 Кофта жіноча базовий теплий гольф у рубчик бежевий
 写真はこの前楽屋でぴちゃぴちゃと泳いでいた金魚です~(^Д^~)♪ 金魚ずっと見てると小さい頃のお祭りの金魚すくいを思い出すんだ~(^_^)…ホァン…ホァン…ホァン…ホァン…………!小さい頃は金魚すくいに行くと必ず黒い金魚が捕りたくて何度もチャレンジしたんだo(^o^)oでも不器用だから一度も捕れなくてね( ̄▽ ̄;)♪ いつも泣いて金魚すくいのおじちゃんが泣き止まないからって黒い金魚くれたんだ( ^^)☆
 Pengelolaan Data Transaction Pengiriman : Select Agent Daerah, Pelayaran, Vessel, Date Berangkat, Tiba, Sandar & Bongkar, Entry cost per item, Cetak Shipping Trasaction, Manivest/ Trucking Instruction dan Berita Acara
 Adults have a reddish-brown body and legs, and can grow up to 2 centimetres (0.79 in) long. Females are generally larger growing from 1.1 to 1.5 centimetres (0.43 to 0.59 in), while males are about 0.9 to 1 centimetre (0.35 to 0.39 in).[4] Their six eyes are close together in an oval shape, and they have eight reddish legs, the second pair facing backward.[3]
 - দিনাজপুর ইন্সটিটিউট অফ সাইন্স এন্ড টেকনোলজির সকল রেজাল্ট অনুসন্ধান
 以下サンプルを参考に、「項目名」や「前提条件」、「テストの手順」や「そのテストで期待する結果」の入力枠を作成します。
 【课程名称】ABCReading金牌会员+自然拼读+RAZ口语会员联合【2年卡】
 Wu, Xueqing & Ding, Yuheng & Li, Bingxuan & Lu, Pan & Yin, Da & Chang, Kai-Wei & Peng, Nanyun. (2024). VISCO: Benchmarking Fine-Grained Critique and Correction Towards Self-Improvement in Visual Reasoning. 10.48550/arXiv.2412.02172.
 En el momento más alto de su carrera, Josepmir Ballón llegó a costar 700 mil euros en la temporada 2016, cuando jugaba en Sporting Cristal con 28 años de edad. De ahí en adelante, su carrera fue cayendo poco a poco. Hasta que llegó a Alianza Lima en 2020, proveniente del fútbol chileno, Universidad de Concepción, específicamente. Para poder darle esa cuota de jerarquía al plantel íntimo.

• Task statement
In the listing above, find the line containing "Adults have a" and the line containing "- দিনাজপুর ইন্সটিটিউট", then retype both and every line between them exactly, with nothing else.

• Solution below
 Adults have a reddish-brown body and legs, and can grow up to 2 centimetres (0.79 in) long. Females are generally larger growing from 1.1 to 1.5 centimetres (0.43 to 0.59 in), while males are about 0.9 to 1 centimetre (0.35 to 0.39 in).[4] Their six eyes are close together in an oval shape, and they have eight reddish legs, the second pair facing backward.[3]
 - দিনাজপুর ইন্সটিটিউট অফ সাইন্স এন্ড টেকনোলজির সকল রেজাল্ট অনুসন্ধান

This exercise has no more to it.